> **Work instruction**: Retype exactly the lines from the one containing "По данным Skift, предоставляемые" through the last line of the records below, including both, and leave out any pictures.

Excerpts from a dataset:

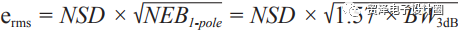 噪声等效带宽(NEB)对噪声计算是一个很有用的简化。由于截止频率以上的增益不是0,某些超出电路带宽的噪声会进入电路中。NEB是计算的理想砖墙滤波器的截止频率,它会放入与实际电路相同的噪声量。NEB大于–3 dB带宽,已针对常用滤波器类型和阶数进行计算,例如:对于单极点低通滤波器,它是–3dB带宽的1.57倍,写成公式就是NEB1-pole = 1.57 × BW3dB。然而,关于应把该乘法因数放在噪声公式中的何处,似乎一直存在混淆。请记住,NEB调节的是带宽,而非噪声,因此应在根号下面,如下式所示:
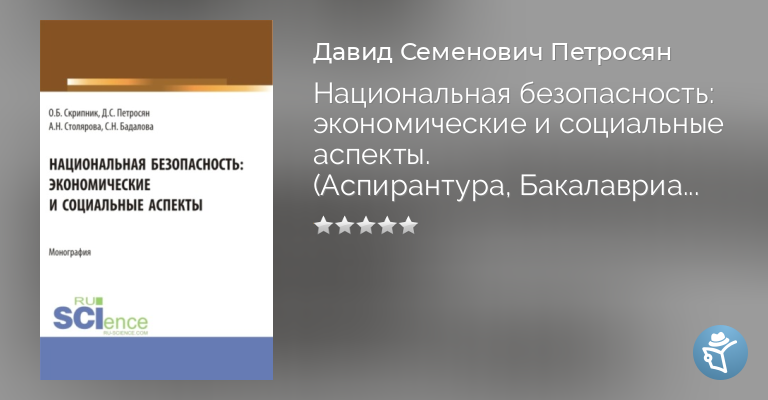 Национальная безопасность: экономические и социальные аспекты. (Аспирантура, Бакалавриат, Магистратура). Монография.
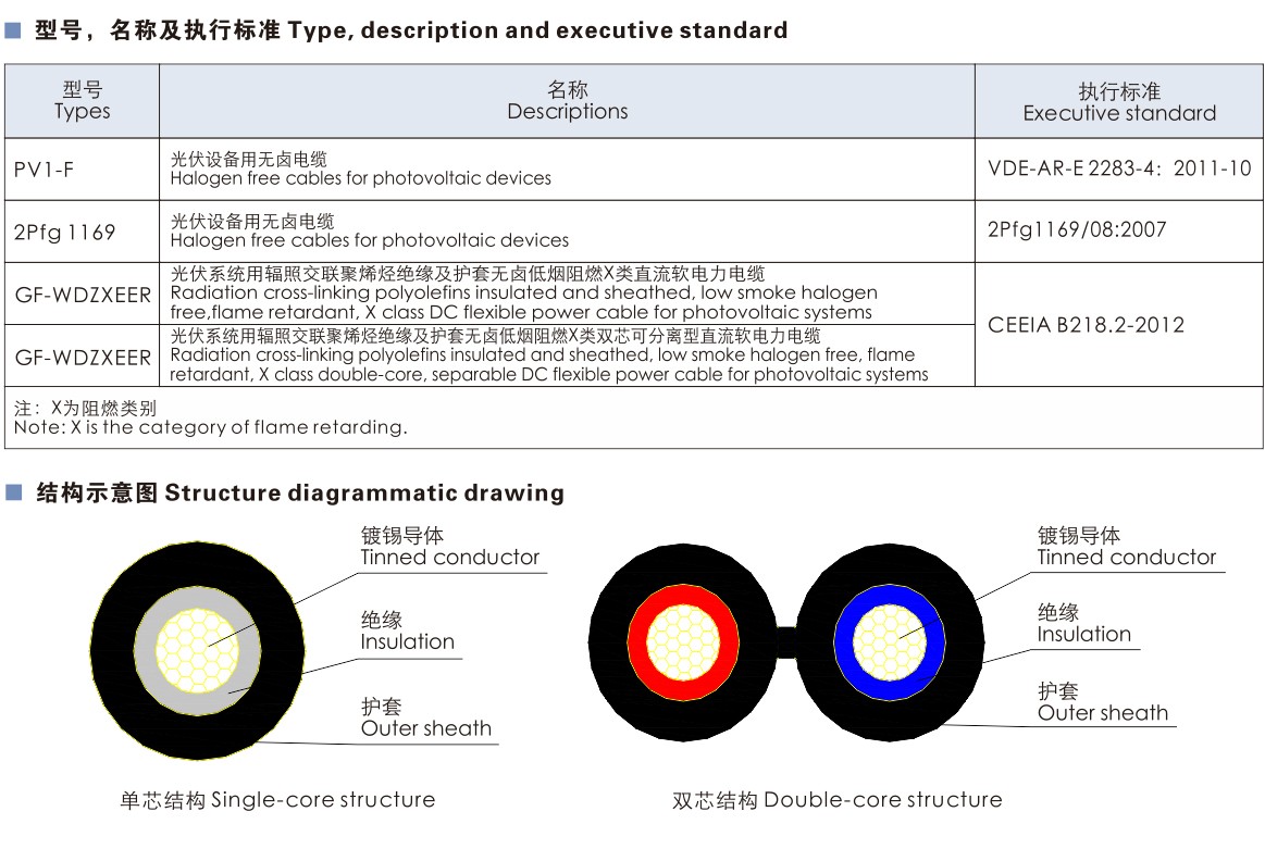 太阳能光伏发电设备用无卤电缆,是根据光伏发电设备所处的特殊环境条件设计的,主要适用于直流电压端,发电设备引出连接和组件间汇流连接,最高直流1.8kV的光伏发电设备系统。
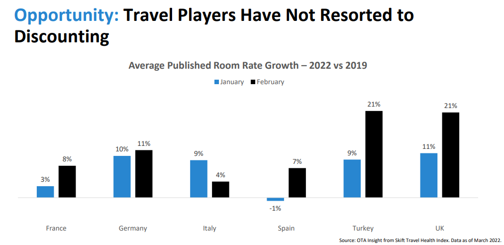 По данным Skift, предоставляемые скидки на гостиничные номера все еще ниже допандемийного уровня. К примеру, средняя скидка на гостиничный номер в Великобритании до пандемии была 21%, а в начале этого года составляет лишь 11%. Забронировать номер в турецком отеле в 2019 году можно было со средней скидкой в 21%, а в начале этого года лишь со скидкой в 9%. Похожая тенденция применима к большинству европейских стран.
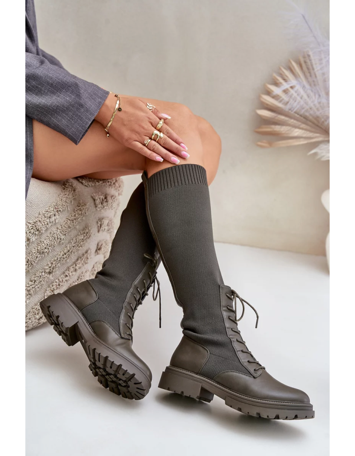 Nazouvací kozačky s ponožkovým svrškem tmavě zelené Iranel 38

> **Result of this exercise**:
 По данным Skift, предоставляемые скидки на гостиничные номера все еще ниже допандемийного уровня. К примеру, средняя скидка на гостиничный номер в Великобритании до пандемии была 21%, а в начале этого года составляет лишь 11%. Забронировать номер в турецком отеле в 2019 году можно было со средней скидкой в 21%, а в начале этого года лишь со скидкой в 9%. Похожая тенденция применима к большинству европейских стран.
 Nazouvací kozačky s ponožkovým svrškem tmavě zelené Iranel 38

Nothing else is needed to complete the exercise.